Whatever you do - don't try to con them with low alcohol sparklers - they will think they can hold their drink and head for more the next time. A couple of drinks will make little difference to anything - there is clearly a wide range of opinion but one thing is certain teenagers are very good at finding ways to get what they want - with their parents endorsement or not - I could tell stories that would shock my mother, I'd rather know what my dd is up to, I feel I can keep her safe that way. I'd rather not overreact to drinking some alcohol, i'd rather give measured response, so when I try to educate her about relative risks she believes me - rather than rolls her eyes at her overly strict parent.
What decision you make op has to come down to your relationship with your dd and what kind of personality your dd has, overly strict is as bad as overly lax, in terms of how it affects teenage behaviour.

Hairyporker · 19/02/2019 07:43

Watching the catsbums' competitive joyless parenting on these threads is better than any sitcom.

TearingUpMyHeart · 19/02/2019 07:50

Yes, i'm sure it's jolly amusing etc. It feels like some 1970s timewarp to me

I googled some stats

www.ias.org.uk/Alcohol-knowledge-centre/Underage-drinking/Factsheets/Prevalence-of-underage-drinking.aspx

So now I know my kids are in a minority, but a large one. 25% of kids never drunk alcohol by age 15. But the poorest kids, 50% have never drunk alcohol by age 15. By ethnic origin, it is by far most prevalent amongst the white population. Only 10% of Asian kids have tried alcohol by that age. And overall, rates are falling dramatically in numbers of teen drinkers. That fits with my kids friends - it's like smoking - duh - not cool.

Mumsnet is that weird white middle class bubble once again.

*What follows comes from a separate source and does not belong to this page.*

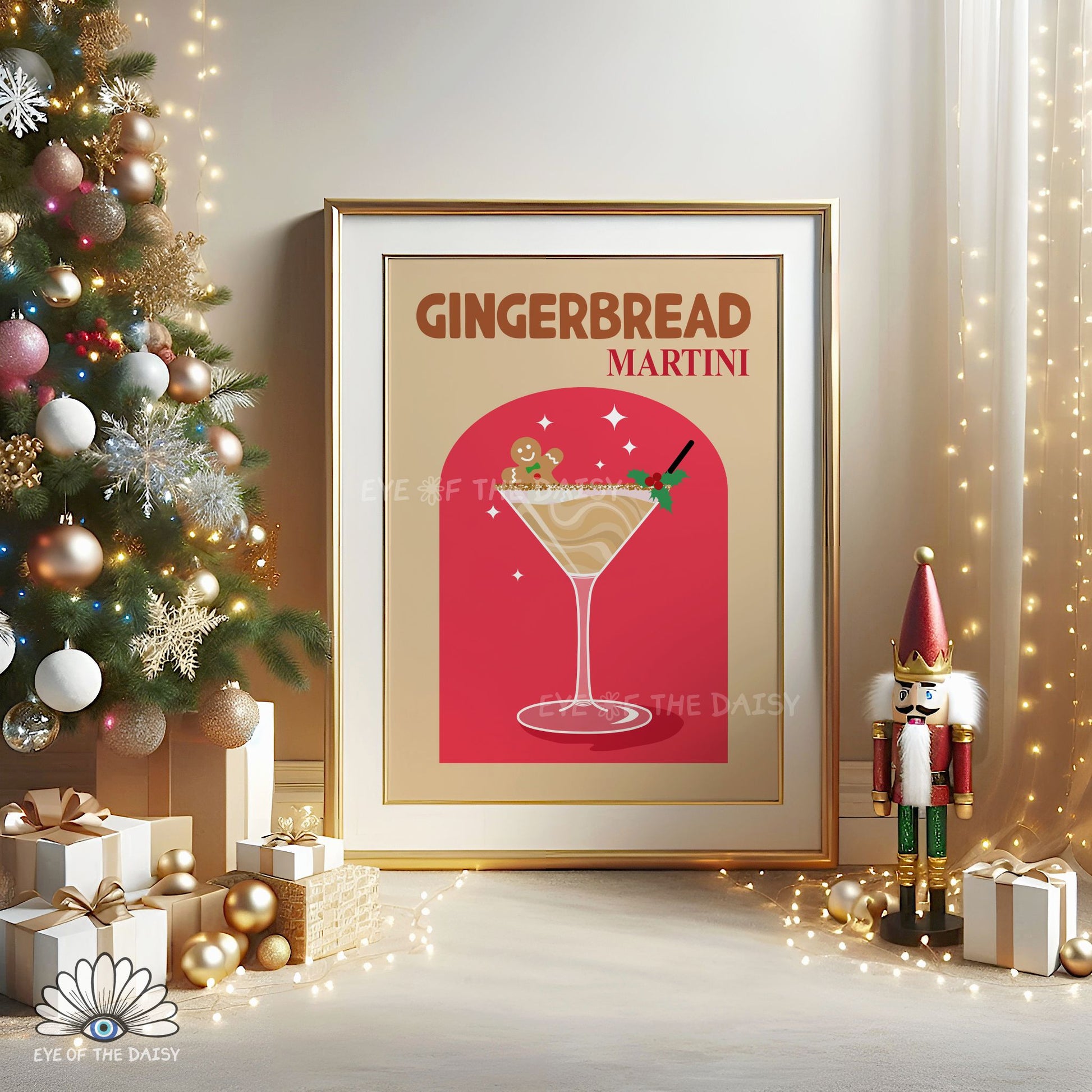 Gingerbread Martini Print Digital Download | Retro Christmas Cocktail Printable Wall Art

Astrid09 · 19/02/2019 07:58

My Son is 19 now and we allowed him to celebrate his 16th at home with some alcohol with his friends. At 17 he went to a few friends house Party's and had a drink there as well. ( always knew the parents and they were at the party as well) on his 18th Birthday he felt no need to go mad drinking as he knew what it was like, but when his friends 18th came and they'd never been allowed to try alchol they got extremely drink and sick. Even now at 19 he goes out has a drink but doesn't get legless like the ones who never were allowed any. I'm pleased me and DH did it our way.
Let your daughter and friend enjoy a glass and you have one as well that way she will get to 18 and see it as not such a big thing and be sensible when out. Hope she has a great birthday.

doihavetodothattomorrow · 19/02/2019 08:04

I think I'd go with a small toasting glass. My opinion might be skewed though as despite being 40, half a bottle of prosecco would have me absolutely shit faced!

2019willbegreat · 19/02/2019 08:05

You may find that they rely just want to pose and take selfies with it to post on SM. That's what my DD and her friends dud around that age. They hardly actually swallowed a drop!